*** Recorded data Section Begins ***

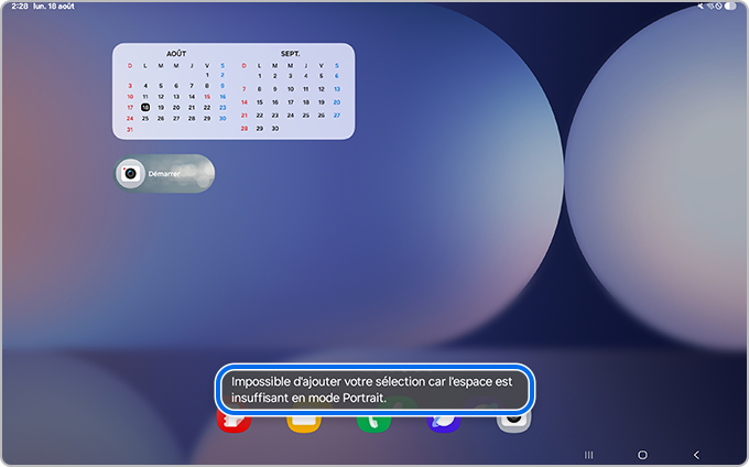 Lorsque vous essayez d'ajouter un widget à un espace vide en mode paysage mais que la disposition en mode portrait ne laisse pas suffisamment de place, l'arrière-plan devient rouge pour indiquer le problème et un message d'alerte s'affiche pour signaler que le widget ne peut pas être ajouté.
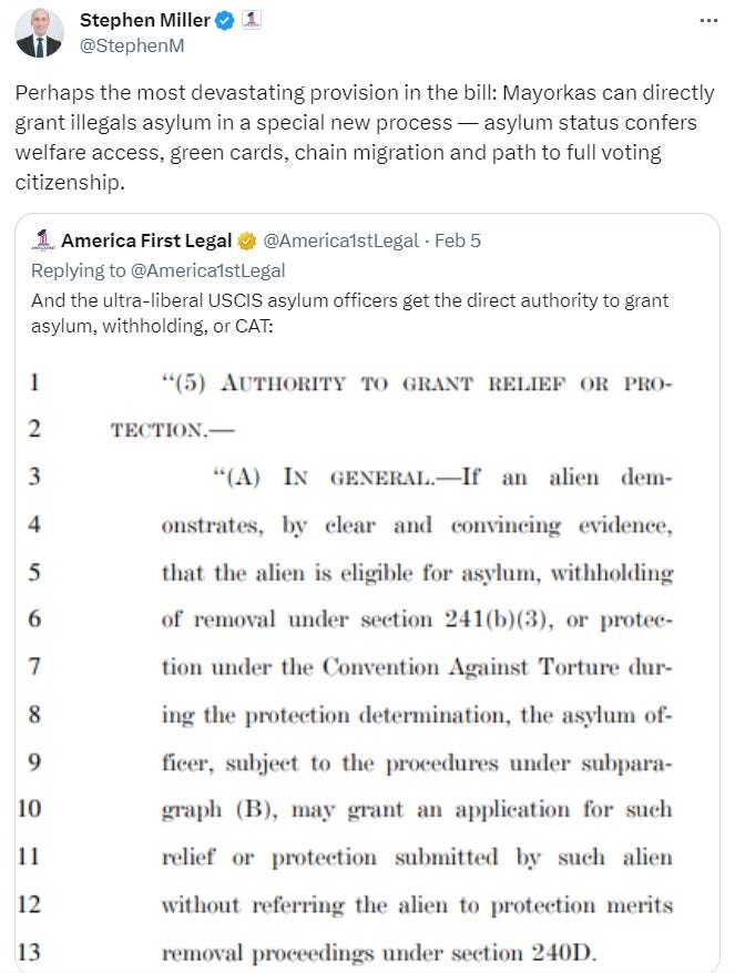 The border bill (full text) looks so awful that even members of the GOP wing of the Uniparty are getting cold feet and backing off:
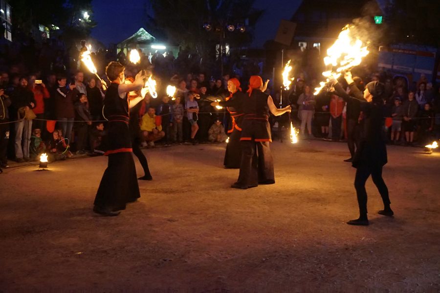 Program začal už v 17 hodin shromážděním u katovny a průvodem na kopec nad město. Zde na návštěvníky čekaly nejen dětské soutěže v režii Městské knihovny a Dózy, ale i velký stan se skupinou Stetson, stánky s občerstvením a ohně k opékání buřtů.
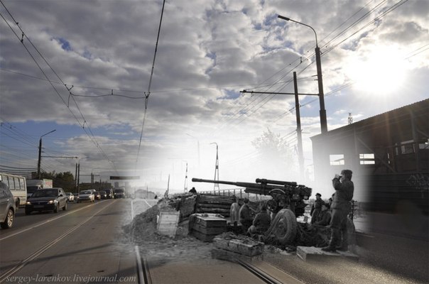 Тула 1941/2013. Пр. Ленина, 30. Тульские рабочие на строительстве баррикады. Укрепления и баррикады, возведенные в Туле сыграли важную роль при отражении вражеских атак.

*** Recorded data Section Ends ***

### [Task directions]
Leave every picture out and copy precisely the lines from the one containing "Program začal už" through the last line of the data above, both ends included.

### [Exercise output]
 Program začal už v 17 hodin shromážděním u katovny a průvodem na kopec nad město. Zde na návštěvníky čekaly nejen dětské soutěže v režii Městské knihovny a Dózy, ale i velký stan se skupinou Stetson, stánky s občerstvením a ohně k opékání buřtů.
 Тула 1941/2013. Пр. Ленина, 30. Тульские рабочие на строительстве баррикады. Укрепления и баррикады, возведенные в Туле сыграли важную роль при отражении вражеских атак.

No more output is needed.